Poised to Disappoint ~ The Risk Averse Alert

Thursday, June 30, 2011

Poised to Disappoint

The imbalance of recent negative sentiment, relative strength and momentum no doubt is being repaired on the back of this week's rally — itself, an unusually strong burst occurring amidst the weakest technical backdrop since last year's "flash crash."

Yet beyond this repair, nothing technically compelling is accompanying the market's recovery. If anything, only further indications of underlying weakness are being revealed.


For example, volume accompanying advancing periods since June 16th bottom is but more muted than advancing periods previous — indeed, something of a consistent trend since March '09 bottom, and now only the more curious. Oh wall of worry, where art thou?

Why, below we see that long equity hedging at "bottom" inflection points this year — late-January, mid-March and mid-June — in the vicinity of SPX 1275 have been consistently increasing, yet the question is whether this will prove sufficient, now that the market's momentum (bottom panel of $SPX chart above) was turned to the negative in June...


An ominous setup the CBOE Put/Call Ratio presents (see early-May 2010).

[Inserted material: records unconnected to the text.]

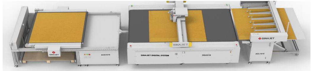
Tam otomatik oluklu kesim hattı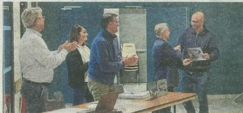
L'entreprise Isoclim de Saint-Genis-de-Saintonge a reçu le prix de la « Reconversion réussie ».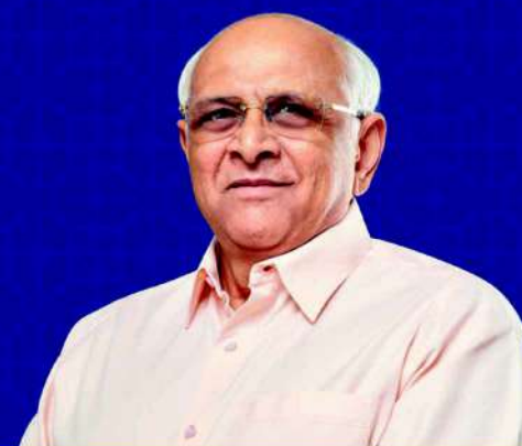
શ્રી લૂપેન્દ્રલાઈ પટેલ માનનીય મુખ્યમંત્રી, ગુજરાત

Then, considering volatility's marked contraction this week, all the more ominous is the technical backdrop.

Likewise, with daily breadth relatively subdued this week, yet averaged over the past ten days rather reflecting a consensus relatively certain about the market's positive prospects, what awaits in truth might reasonably be thought anything but.

By every technical measure I consider in these parts, the market appears poised to disappoint, and this even in a most dramatic fashion.

Watch index momentum. Its present rise from the negative to approach its "0" line will fail crossover only if the market turns south, and probably in a big way, over the next few days.

Without going into details tonight, it appears top to the market's advance since late last Friday (6/24) is nearly at hand. Should my negative outlook here — still supposing June 16th bottom will be taken out, if not left in the dust — reflect a correct read of underlying technical conditions, then the market's 5-wave advance since last last Friday is seen forming the "c" wave of an a-b-c corrective wave up, this recovering some of the market's losses from May 1st top. Once this corrective wave higher completes, it's right back down she goes. And I will say it again: the trip just might turn nasty.